Description of apcluster

 This program has been downloaded from
 http://www.psi.toronto.edu/affinitypropagation/apcluster.m
 It is the Matlab implementation of affinity propagation
 Mateda uses in different situations in which clustering of data is needed
 See the web page for conditions of use and appropriate references

 [idx,netsim,dpsim,expref]=apcluster(s,p)

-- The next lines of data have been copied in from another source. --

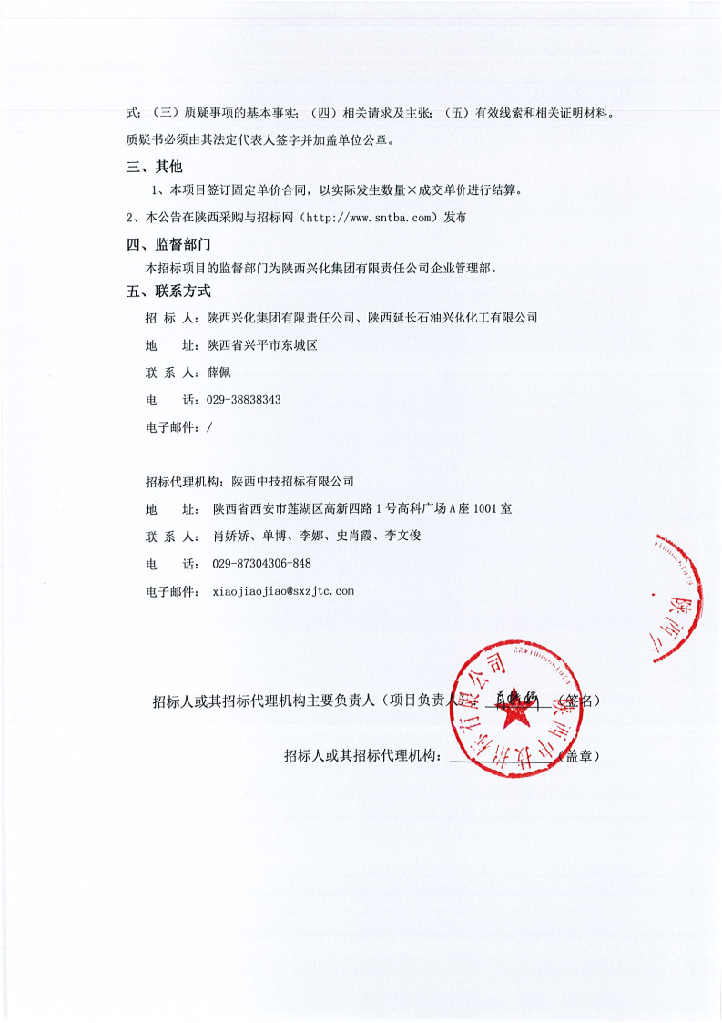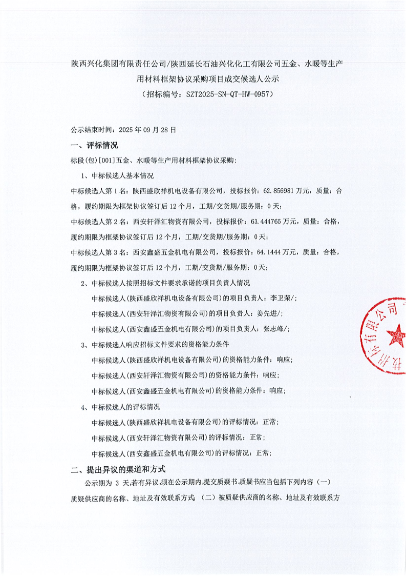 陕西兴化集团有限责任公司/陕西延长石油兴化化工有限公司五金、水暖等生产用材料框架协议采购项目成交候选人公示
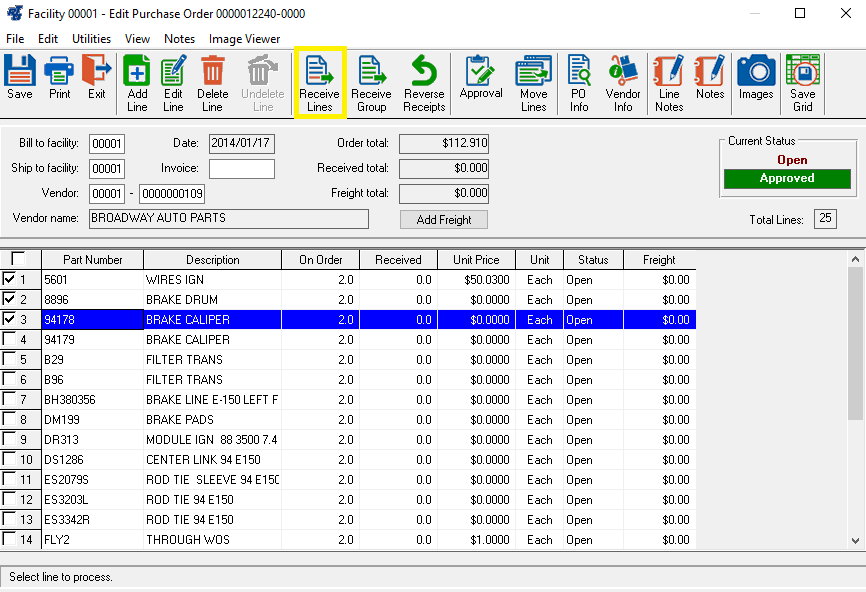- Select the checkbox to the left of each line you wish to receive into inventory and select the “Receive Lines” button.
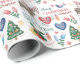 Este papel de embrulho de Feriado bonito é coberto por imagens de estilo escandinavo, incluindo uma rena, corações de padrão, uma árvore de Feriado, flores, flocos de neve e muito mais. As cores incluem vermelho, verde, ouro, azul e marrom. Tudo é colocado sobre um fundo branco. O texto estilizado diz "Feliz Natal" e "Feliz ano novo". Única e festiva!
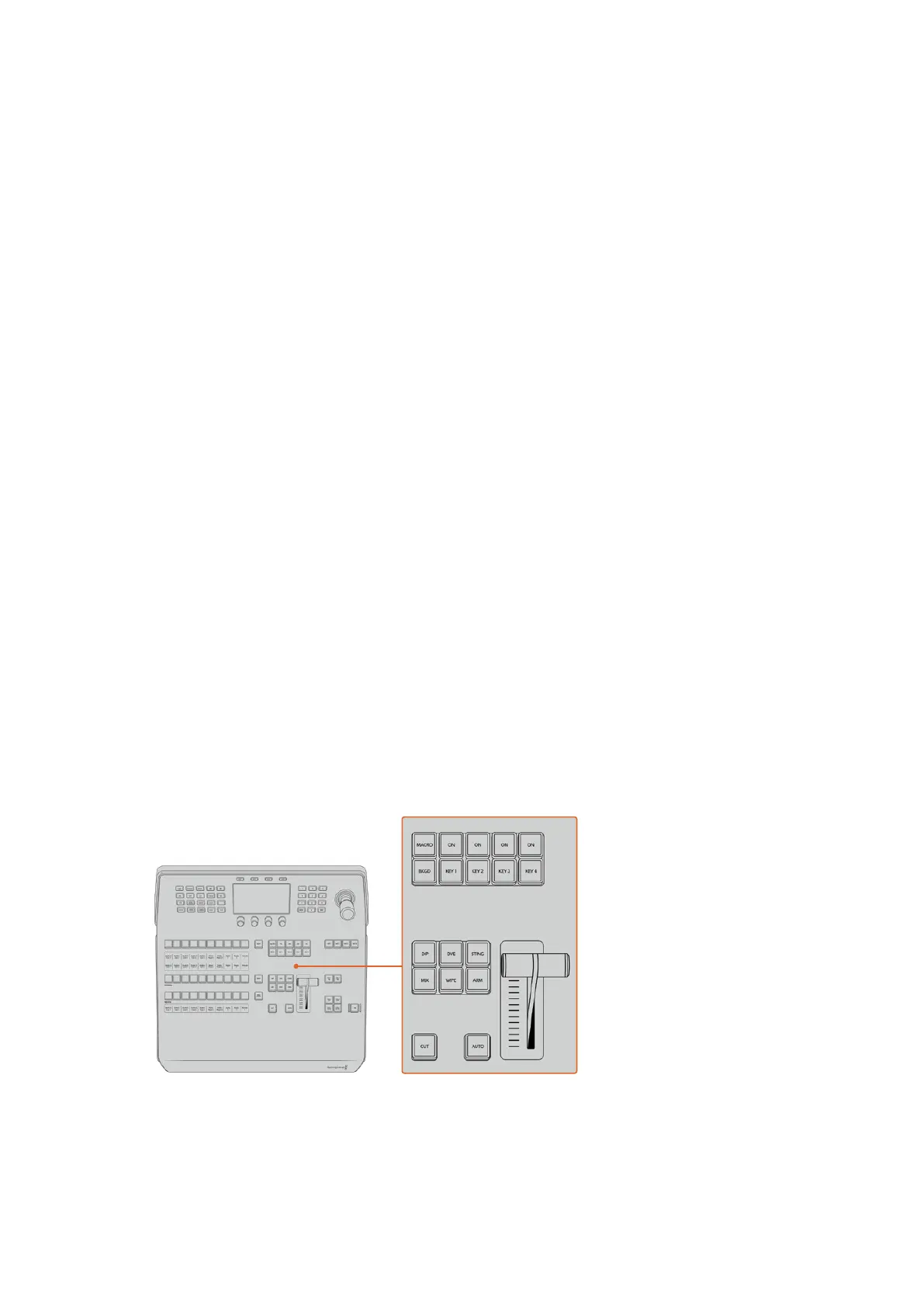 von Quellen an Auxiliary-Ausgänge und Keyer. Ist die MACRO-Taste aktiviert, dient diese Tastenzeile
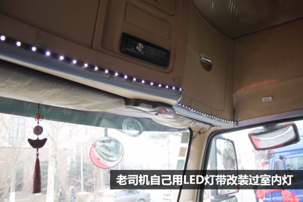 作为一名老司机,动手能力有的放矢,马强在顶柜边缘加装的LED灯带不仅是为了打扮心爱的T7H,更多是为了让晚上的驾驶室内部更明亮一些。
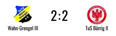 Die SpVg. Wahn-Grengel III kam gegen die Zweivertretung von Roland Bürrig nicht über ein 2:2 (1:2)-Unentschieden hinaus. Die SpVg. machte dabei einen zweimaligen Rückstand wett, ehe die Punkteteilung gesichert war. Durch das Remis kratzt die Choko/Haydar-Elf weiter an den TOP 5 der Liga. Am nächsten Wochenende reist die Mannschaft zur Zweitvertretung des VfL Poll.
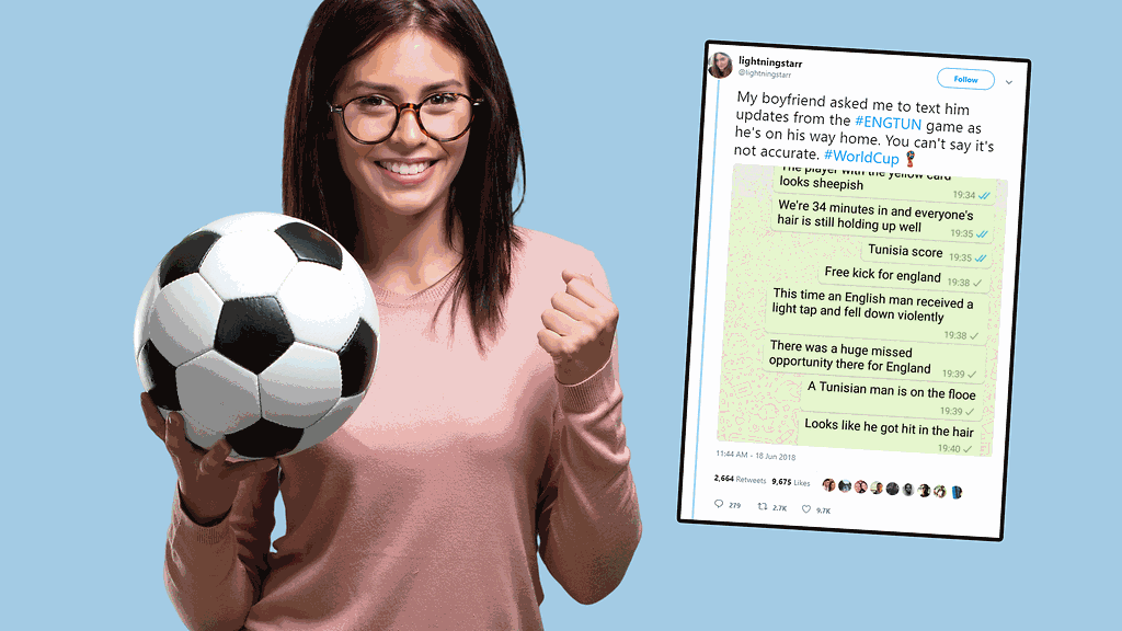Twitter-käyttäjä @lightningstarr puolestaan joutui raportointivastuuseen. kun poikaystävä oli pelin aikaan kotimatkalla, eikä voinut seurata Englanti-Tunisia-pelin etenemistä maanantaina.

 APCLUSTER uses affinity propagation (Frey and Dueck, Science,
 2007) to identify data clusters, using a set of real-valued
 pair-wise data point similarities as input. Each cluster is
 represented by a data point called a cluster center, and the
 method searches for clusters so as to maximize a fitness
 function called net similarity. The method is iterative and
 stops after maxits iterations (default of 500 - see below for
 how to change this value) or when the cluster centers stay
 constant for convits iterations (default of 50). The command
 apcluster(s,p,'plot') can be used to plot the net similarity
 during operation of the algorithm.

 For N data points, there may be as many as N^2-N pair-wise
 similarities (note that the similarity of data point i to k
 need not be equal to the similarity of data point k to i).
 These may be passed to APCLUSTER in an NxN matrix s, where
 s(i,k) is the similarity of point i to point k. In fact, only
 a smaller number of relevant similarities are needed for
 APCLUSTER to work. If only M similarity values are known,
 where M < N^2-N, they can be passed to APCLUSTER in an Mx3
 matrix s, where each row of s contains a pair of data point
 indices and a corresponding similarity value: s(j,3) is the
 similarity of data point s(j,1) to data point s(j,2).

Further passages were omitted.